In April, Moeti became the first South African to be named an Obama Fellow.
She was one of just 20 individuals — from more than 20,000 applicants — selected by the former US president’s foundation for the inaugural edition of its fellowship programme.
And in July, Moeti was named the grand prize winner of the Waislitz Global Citizen Award — an annual cash prize of $100,000 awarded in recognition of an individual’s efforts to stamp out extreme poverty.
Amandla.mobi aims to rally people around important causes, mainly those that affect lowincome black women — a demographic that is disproportionately affected by injustice, Moeti tells the FM.
She founded amandla.mobi in 2014 when she decided a new approach was needed to mobilise activists across the country.
“I am a woman, I am black, I am from a low-income background — all things which led me to see [what effect] the difficulties of co-ordinating actions, the barriers of geographic location, language and so much more have on attempts to organise,” she says. At the same time, she saw how sustained collective action could overcome those barriers and “build movements and shift things”.
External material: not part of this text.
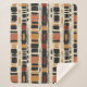 Earthy geometric pattern blanket inspired by tribal mudcloth textiles, featuring hand-painted rectangles, diamonds, and triangles in charcoal black and terracotta on a textured beige background. A warm boho design ideal for rustic décor lovers, artisan style fans, and anyone drawn to earthy geometric aesthetics.
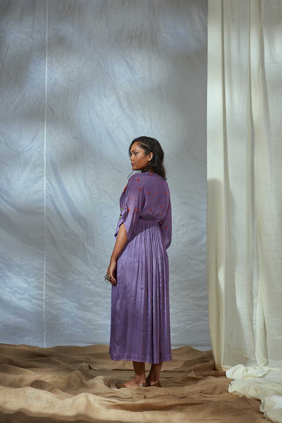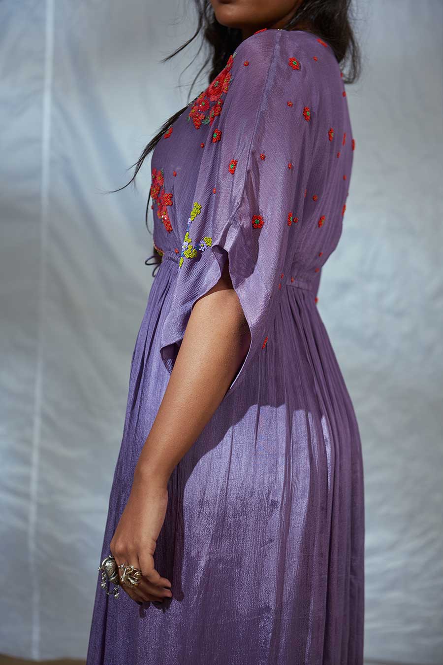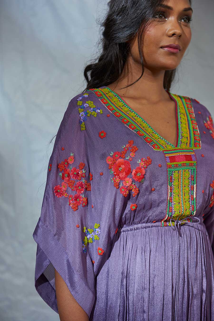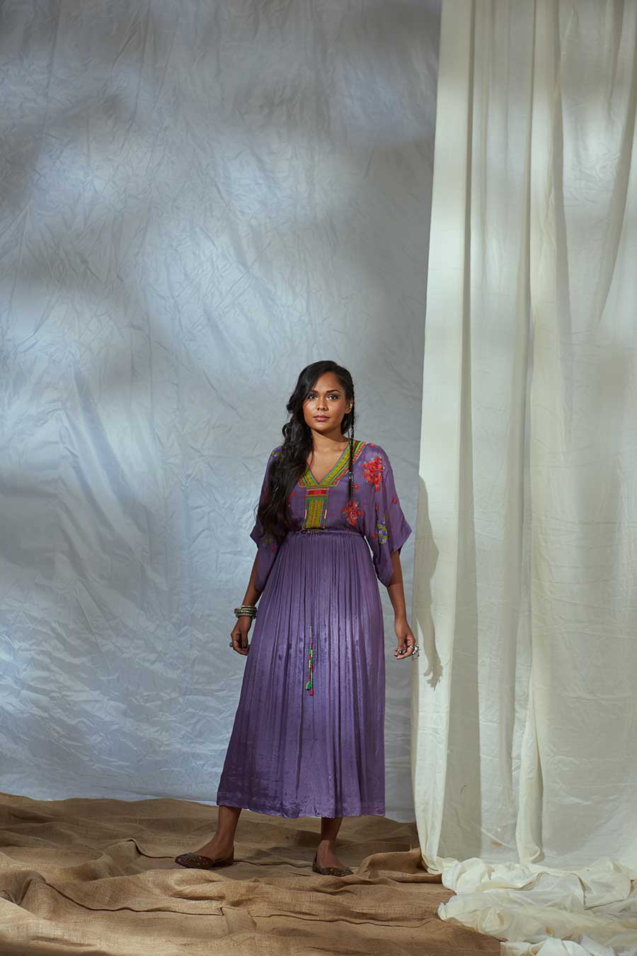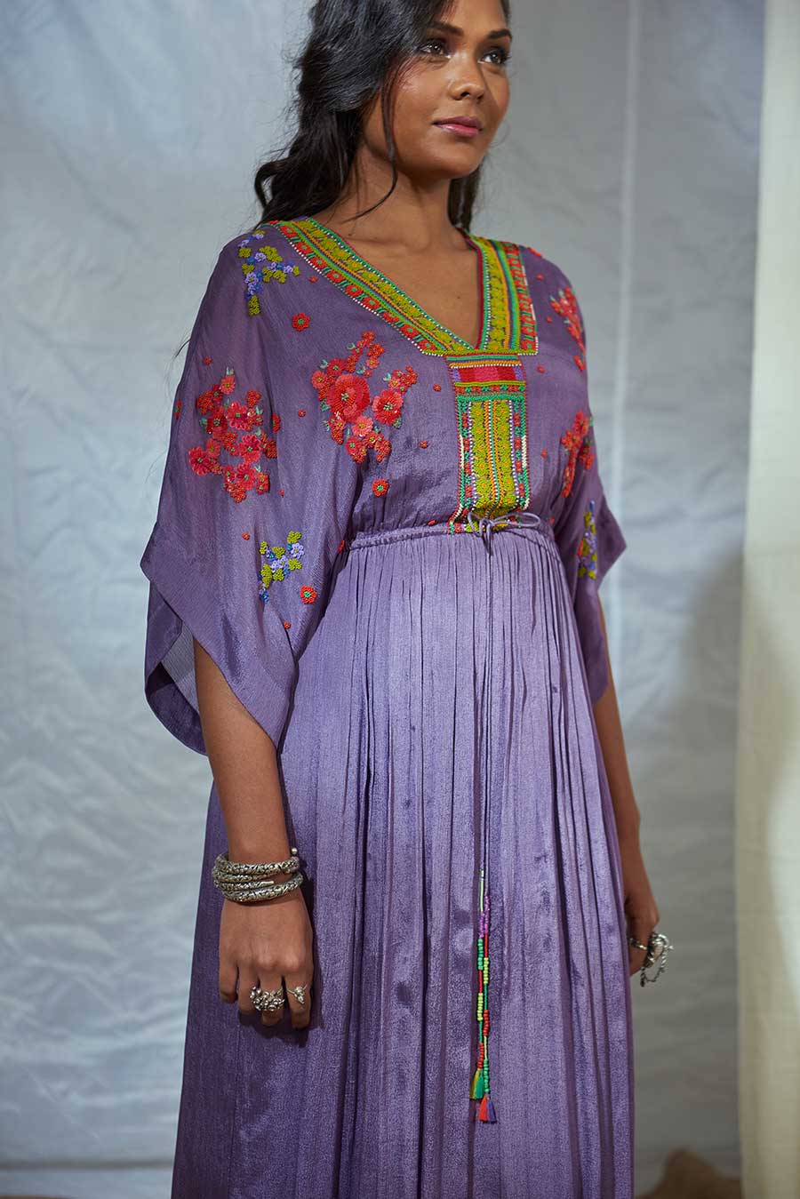 Inspired by the classic kaftan, this tie up midi dress is the new modern Indian look. Intricately embroidered flowers, inspired by traditional floral decor, form a statement neckline. This silhouette is perfect for a mehendi function, Cocktail parties, styled with chandelier earrings or a choker necklace, a sequins clutch, and metallic make up.

So it makes perfect sense that her “tool of choice” is the mobile device, which allows people to pool their voices regardless of their location or language.
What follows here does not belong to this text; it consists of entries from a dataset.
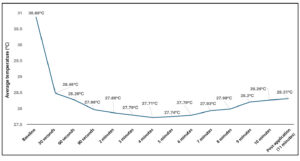 Table 2: Average skin surface temperature change of subjects from baseline at first to last timepoint (n=50)
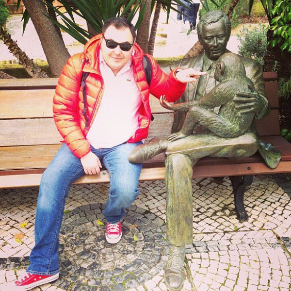 Ребзя, это мой кот в очках! Указывает на Питера О'Тула, на коленях у которого сидит Клим Чугункин!
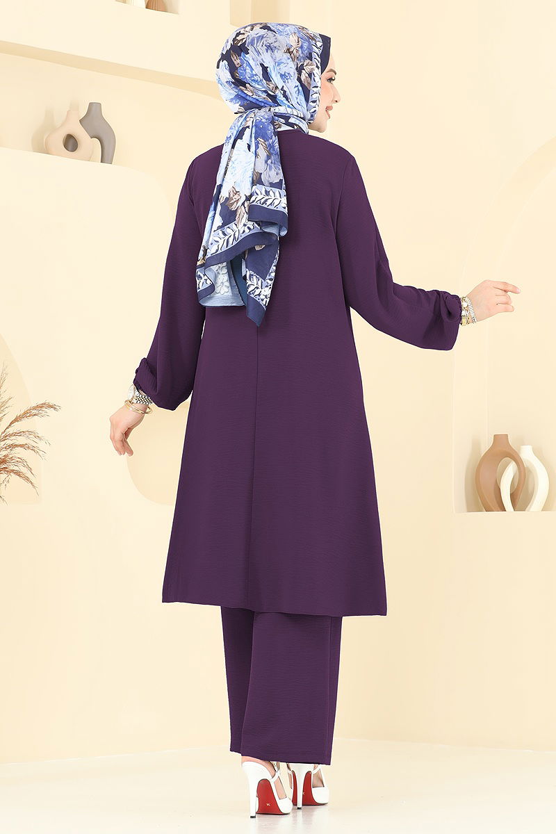 Ürün Özelliği : Yeni sezon tesettür moda ürünüdür. Ürün Bisiklet yakadır. Astarsızdır. Düğmeler aksesuardır. Pantolon beli lastiklidir. Manşeti lastiklidir. Konsept fotoğraf çekimlerinden dolayı üründe ton farklılığı olabilir.
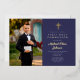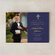 Invitación al Relieve metalizado de la primera comunión con guión de oro azul de la Marina personalizada.

Amandla.mobi caters to basic handsets — activists can join a campaign via Whatsapp, USSD (Unstructured Supplementary Service Data) messaging, SMS or through the web.
According to Moeti, SA has always had an active citizenry — reflected in the number of protests and direct engagements with the state and employers. And technology has “added to the tools available for people to use to advance their struggles”.
Thanks to the platform’s accessibility, 226,815 people have “taken action” in the organisation’s campaigns, which have targeted VAT, failures within social security agencies and violence within the taxi industry, among many other issues.
One campaign that amandla.mobi is running is aimed at SA’S high data costs. Network operators, government, the Independent Communications Authority of SA (Icasa) and the Competition Commission are in Moeti’s crosshairs.
Amandla.mobi participated in the public hearings that ultimately gave rise to new rules governing the expiry of data bundles and other consumer-protection measures.
“Mobilising people on the different aspects of the [Icasa] campaign involved just over 700 amandla.mobi members volunteering to do door-to-door [campaigning] to get people supporting our submission and sending their own.”
Thanks to those efforts, more than 30,000 people supported amandla.mobi’s submissions to the regulator, and more than 1,000 others sent in their own submissions, she says.
“During the oral submission process we had hundreds of voice notes and e-mails which were sent to Icasa from people who could not attend the hearings themselves, and people also donated to get people there.”
A separate process by the Competition Commission is still in the works.
The oral hearing process is yet to commence, but Moeti says amandla.mobi’s submission to the competition authority is supported by more than 44,000 people.
Other wins under the organisation’s belt include getting the Miners Shot Down documentary about the Marikana massacre broadcast on free-to-air TV, and assisting students whose qualifications were withheld because the National Student Financial Aid Scheme had not paid their fees.
Amandla.mobi relies largely on donations.